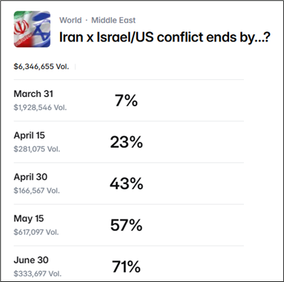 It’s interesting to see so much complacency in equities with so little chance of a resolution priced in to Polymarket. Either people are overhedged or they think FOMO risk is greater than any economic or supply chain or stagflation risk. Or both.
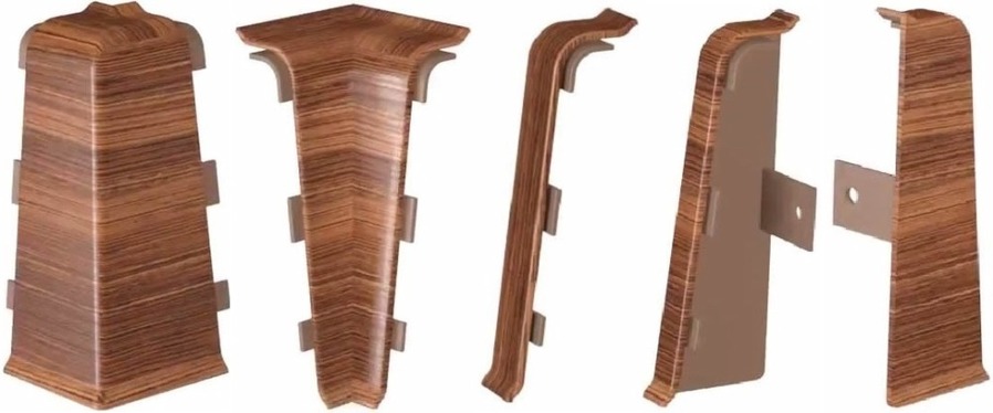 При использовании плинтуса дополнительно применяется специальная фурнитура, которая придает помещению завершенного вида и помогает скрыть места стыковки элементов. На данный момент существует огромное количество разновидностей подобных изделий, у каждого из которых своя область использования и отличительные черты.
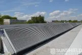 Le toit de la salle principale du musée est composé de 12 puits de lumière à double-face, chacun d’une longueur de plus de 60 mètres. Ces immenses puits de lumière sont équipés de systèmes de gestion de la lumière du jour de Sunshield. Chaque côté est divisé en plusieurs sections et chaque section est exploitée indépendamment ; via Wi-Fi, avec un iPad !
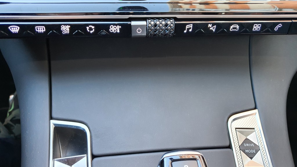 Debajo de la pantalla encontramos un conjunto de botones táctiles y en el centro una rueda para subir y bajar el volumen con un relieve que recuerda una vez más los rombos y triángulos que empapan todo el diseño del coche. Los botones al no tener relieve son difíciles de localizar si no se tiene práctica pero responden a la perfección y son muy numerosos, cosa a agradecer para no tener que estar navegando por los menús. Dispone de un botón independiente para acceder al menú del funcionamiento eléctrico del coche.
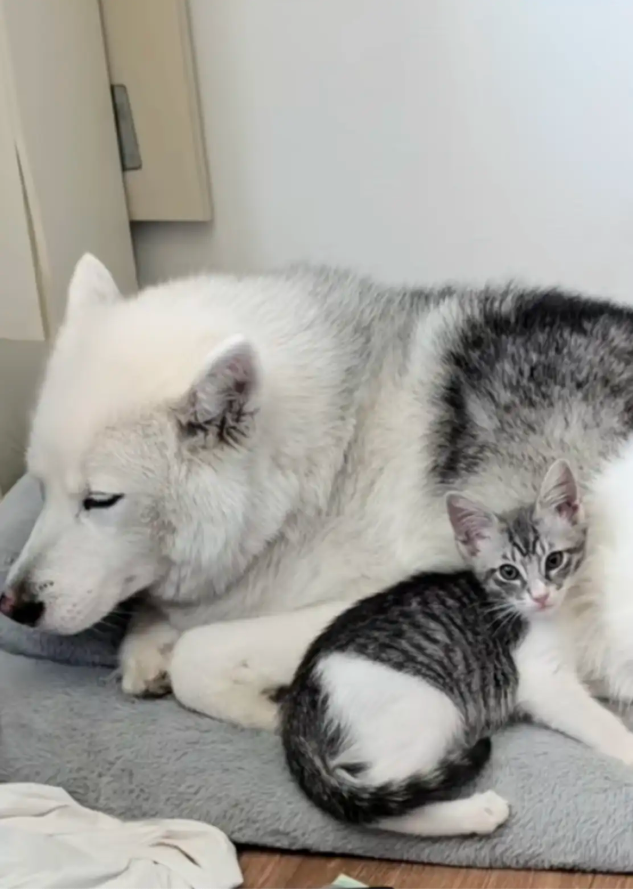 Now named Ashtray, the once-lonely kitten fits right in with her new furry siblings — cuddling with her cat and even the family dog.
--
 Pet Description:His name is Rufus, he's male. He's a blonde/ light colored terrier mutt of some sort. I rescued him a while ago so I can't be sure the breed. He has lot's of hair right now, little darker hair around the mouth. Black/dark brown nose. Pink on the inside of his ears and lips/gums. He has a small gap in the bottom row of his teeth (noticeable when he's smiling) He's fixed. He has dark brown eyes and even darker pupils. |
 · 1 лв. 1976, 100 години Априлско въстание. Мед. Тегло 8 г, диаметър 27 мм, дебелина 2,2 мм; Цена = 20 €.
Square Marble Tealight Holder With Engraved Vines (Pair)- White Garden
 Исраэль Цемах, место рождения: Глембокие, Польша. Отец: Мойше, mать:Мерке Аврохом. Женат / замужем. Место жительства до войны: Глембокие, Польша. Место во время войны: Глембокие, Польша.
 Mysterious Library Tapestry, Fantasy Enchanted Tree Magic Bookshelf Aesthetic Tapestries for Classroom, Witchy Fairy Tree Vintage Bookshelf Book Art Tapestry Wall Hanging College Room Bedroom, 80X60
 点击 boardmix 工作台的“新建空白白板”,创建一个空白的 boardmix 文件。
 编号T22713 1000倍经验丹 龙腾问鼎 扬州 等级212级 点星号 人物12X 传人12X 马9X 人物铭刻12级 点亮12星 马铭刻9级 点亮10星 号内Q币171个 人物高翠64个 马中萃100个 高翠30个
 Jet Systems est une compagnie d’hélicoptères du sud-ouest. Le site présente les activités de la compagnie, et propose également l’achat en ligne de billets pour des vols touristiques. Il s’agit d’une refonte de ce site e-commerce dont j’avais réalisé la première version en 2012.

## Task to complete
Out of the records above, return only the lines from the one with "При использовании плинтуса" through the one with "Le toit de la", exactly, and none of the pictures.

## Answer
 При использовании плинтуса дополнительно применяется специальная фурнитура, которая придает помещению завершенного вида и помогает скрыть места стыковки элементов. На данный момент существует огромное количество разновидностей подобных изделий, у каждого из которых своя область использования и отличительные черты.
 Le toit de la salle principale du musée est composé de 12 puits de lumière à double-face, chacun d’une longueur de plus de 60 mètres. Ces immenses puits de lumière sont équipés de systèmes de gestion de la lumière du jour de Sunshield. Chaque côté est divisé en plusieurs sections et chaque section est exploitée indépendamment ; via Wi-Fi, avec un iPad !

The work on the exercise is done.